Let \(\lambda_1,\ldots,\lambda_p\) denote the eigenvalues of the variance-covariance matrix \(\Sigma\). These are ordered so that \(\lambda_1\) has the largest eigenvalue and \(\lambda_p\) is the smallest.
\[ \lambda_1 \ge \lambda_2 \ge \dots \ge \lambda_p \]
We are also going to let the vectors \(\mathbf{a}_1, \ldots,\mathbf{a}_p\) denote the corresponding eigenvectors.
It turns out that the elements for these eigenvectors will be the coefficients of the principal components.
The elements for the eigenvectors of \(\Sigma\) are the coefficients of the principal components.
The variance for the \(i\)th principal component is equal to the \(i\)th eigenvalue.
\[ \textbf{var}(Y_i) = \text{var}(a_{i1}X_1 + a_{i2}X_2 + \dots a_{ip}X_p) = \lambda_i \]
Moreover, the principal components are uncorrelated with one another.
\[\text{cov}(Y_i, Y_j) = 0\]
The variance-covariance matrix may be written as a function of the eigenvalues and their corresponding eigenvectors. In fact, the variance-covariance matrix can be written as the sum over the \(p\) eigenvalues, multiplied by the product of the corresponding eigenvector times its transpose as shown in the following expression
\[ \Sigma = \sum_{i=1}^{p}\lambda_i \mathbf{a}_i \mathbf{a}_i^T \]

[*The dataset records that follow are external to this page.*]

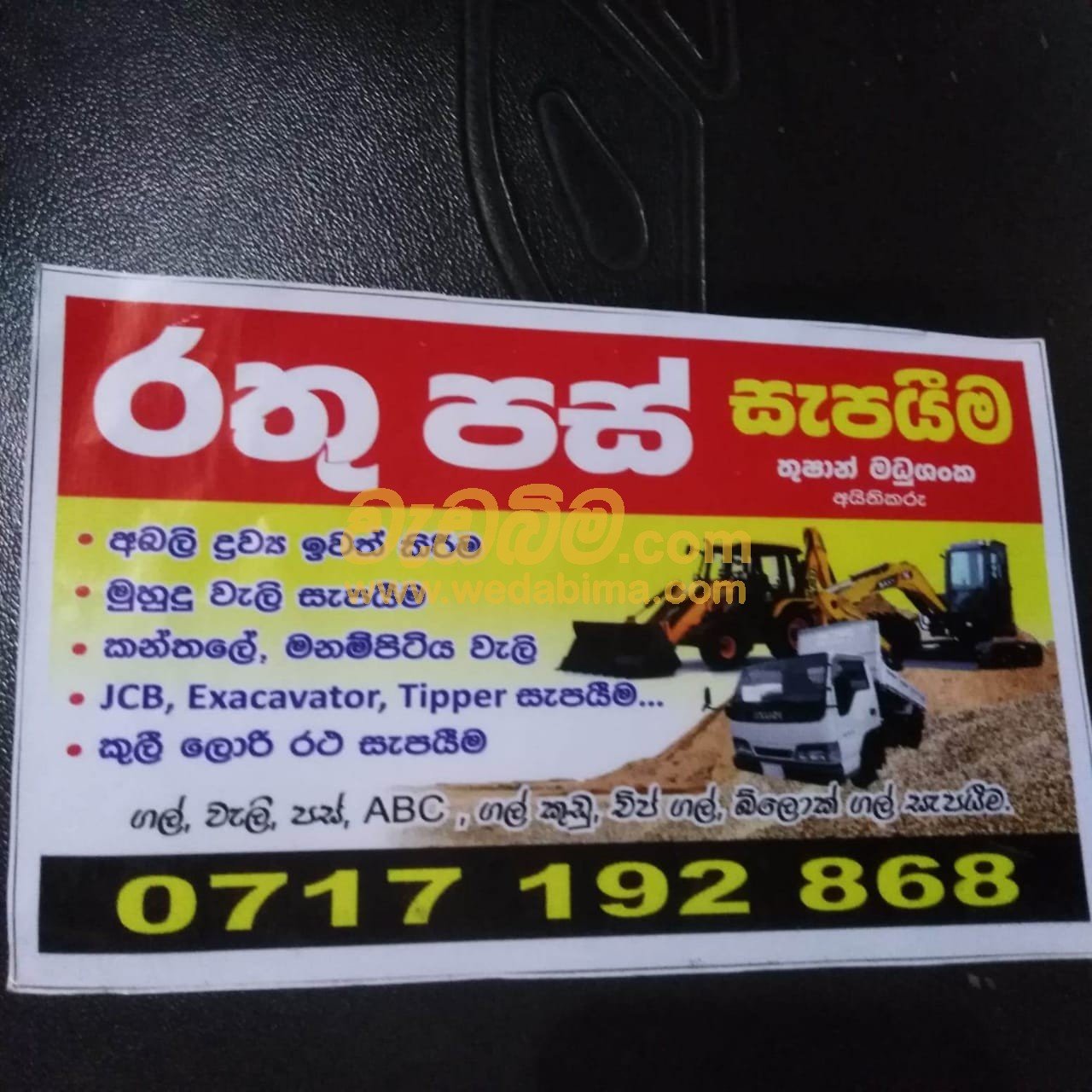 ශ්රී ලංකාවේ බර යන්ත්රෝපකරණ සඳහා තුෂාන් සැපයුම්කරු සහ ප්රවාහන සැපයුම්කරු. ශ්රී ලංකාවේ Jcb, කැණීම් යන්ත්ර සහ ටිපර් කුලියට දීමට ඇත. Jcb සහ කැණීම් යන්ත්ර පැයකට කුලියට දීමට සහ හොඳම පැයක ගාස්තු ලබා ගන්න. ව්යාපෘති සඳහා හෝ තනි කුලියට ගැනීම සඳහා ටිපර් ලබා ගත හැකිය. පැයකට පිරිවැය සහ කොළඹ, කළුතර, නුගේගොඩ සහ කඩවත අවට සේවාව සඳහා පමණි. අපි නුගේගොඩ හොඳම තරඟකාරී මිලකට ගංගා වැලි, සෝදාගත් වැලි, ලෝහ, ගල්වල දූවිලි, abc ලෝහ, සිමෙන්ති බ්ලොක් සහ රතු පස් සපයන්නෙමු.....
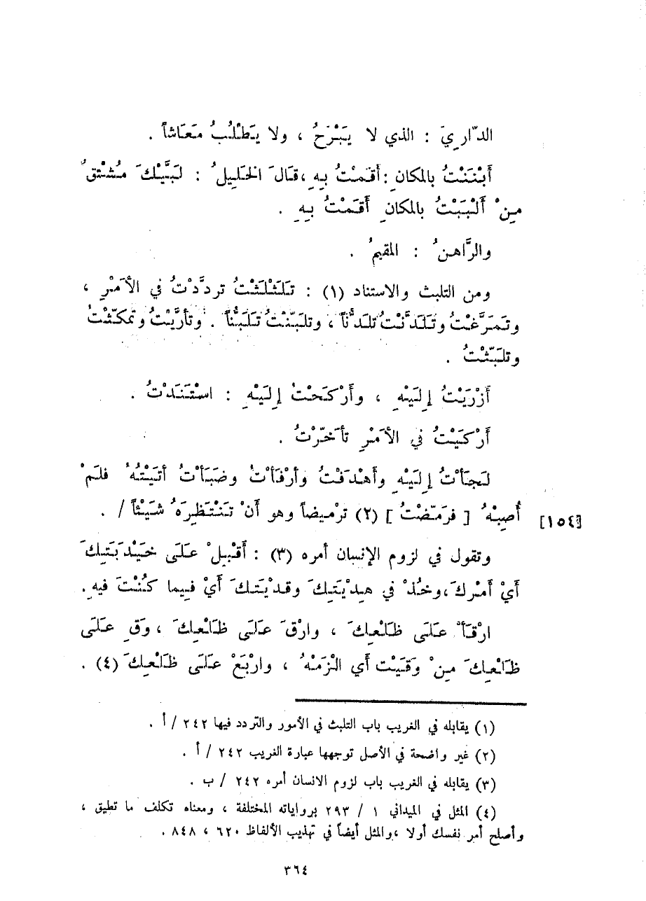 ومن التلبث والاستناد: تلثلثت ترددت في الأمر، وتمرّغت وتلدّنت تلدّناً، وتلبنت تلبّناً، وتأرّيت وتمكثت وتلّبثت.
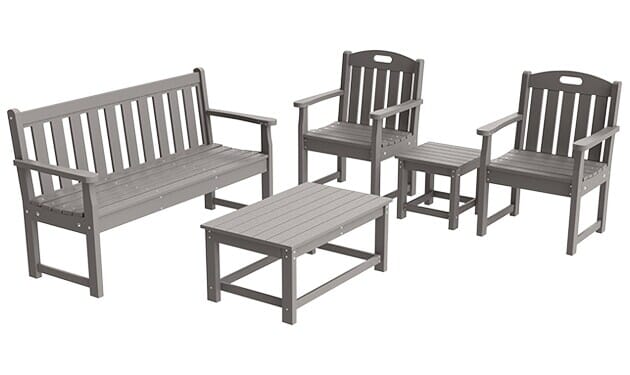 - Set includes 1 bench, 2 armchairs, 1 coffee table and 1 side table
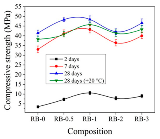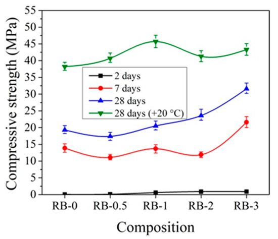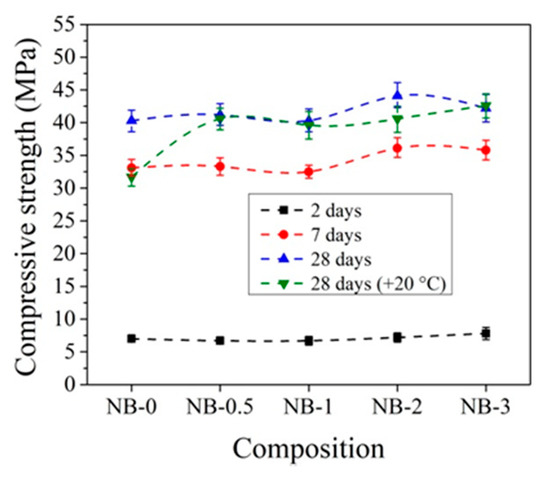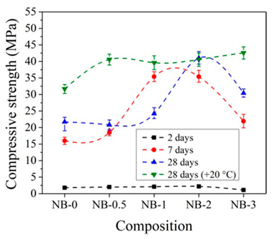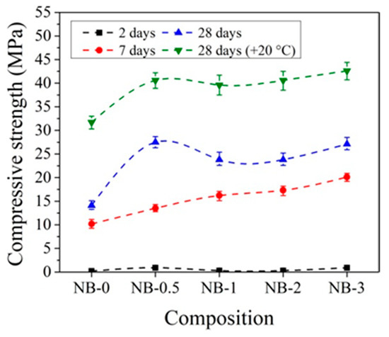 Figure 14 demonstrates that, after 28 days, higher compression strength values are achieved with 0.5–2% CN, but in general, the results obtained are approximately 10% higher in a comparison with samples hardened 28 days at +20 °C.

If \(\lambda_{k+1}, \lambda_{k+2}, \dots , \lambda_{p}\) are small, we might approximate \(\Sigma\) by
\[ \Sigma \cong \sum_{i=1}^{k}\lambda_i \mathbf{a}_i\mathbf{a}_i^T \]
Earlier in the chapter we defined the total variation of \(X\) as the trace of the variance-covariance matrix. This is also equal to the sum of the eigenvalues as shown below:
\[ \begin{array}{lll}trace(\Sigma) & = & \sigma^2_1 + \sigma^2_2 + \dots +\sigma^2_p \\ & = & \lambda_1 + \lambda_2 + \dots + \lambda_p\end{array} \]

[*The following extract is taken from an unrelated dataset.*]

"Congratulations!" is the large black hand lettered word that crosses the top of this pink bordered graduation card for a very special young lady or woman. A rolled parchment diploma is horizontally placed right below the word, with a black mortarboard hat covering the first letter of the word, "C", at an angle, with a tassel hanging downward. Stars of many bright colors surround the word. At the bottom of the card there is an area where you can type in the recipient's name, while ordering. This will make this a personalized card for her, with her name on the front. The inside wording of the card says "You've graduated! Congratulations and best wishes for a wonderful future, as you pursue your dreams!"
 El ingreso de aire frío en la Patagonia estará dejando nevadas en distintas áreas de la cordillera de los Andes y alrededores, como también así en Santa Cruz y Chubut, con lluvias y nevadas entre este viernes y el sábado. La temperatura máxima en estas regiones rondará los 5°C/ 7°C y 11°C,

This will give us an interpretation of the components in terms of the amount of the full variation explained by each component. The proportion of variation explained by the \(i\)th principal component is then going to be defined to be the eigenvalue for that component divided by the sum of the eigenvalues. In other words, the \(i\)th principal component explains the following proportion of the total variation:
\[ \frac{\lambda_i}{\lambda_1 + \lambda_2 + \dots + \lambda_p} \]
A related quantity is the proportion of variation explained by the first \(k\) principal component. This would be the sum of the first \(k\) eigenvalues divided by its total variation.
\[ \frac{\lambda_1 + \lambda_2 + \dots + \lambda_k}{\lambda_1 + \lambda_2 + \dots + \lambda_p} \]
In practice, these proportions are often expressed as percentages.
Naturally, if the proportion of variation explained by the first \(k\) principal components is large, then not much information is lost by considering only the first \(k\) principal components.
Why It May Be Possible to Reduce Dimensions
When we have correlations (multicollinarity) between the features, the data may more or less fall on a line or plane in a lower number of dimensions. For instance, imagine a plot of two features that have a nearly perfect correlation. The data points will fall close to a straight line. That line could be used as a new (one-dimensional) axis to represent the variation among data points.
All of this is defined in terms of the population variance-covariance matrix \(\Sigma\) which is unknown. However, we may estimate \(\Sigma\) by the sample variance-covariance matrix which is given in the standard formula here:
\[ \textbf{S} = \frac{1}{n-1} \sum_{i=1}^{n}(\mathbf{X}_i-\bar{\textbf{x}})(\mathbf{X}_i-\bar{\textbf{x}})^T \]
Procedure
Compute the eigenvalues \(\hat{\lambda}_1, \hat{\lambda}_2, \dots, \hat{\lambda}_p\) of the sample variance-covariance matrix \(\textbf{S}\), and the corresponding eigenvectors \(\hat{\mathbf{a}}_1, \hat{\mathbf{a}}_2, \dots, \hat{\mathbf{a}}_p\).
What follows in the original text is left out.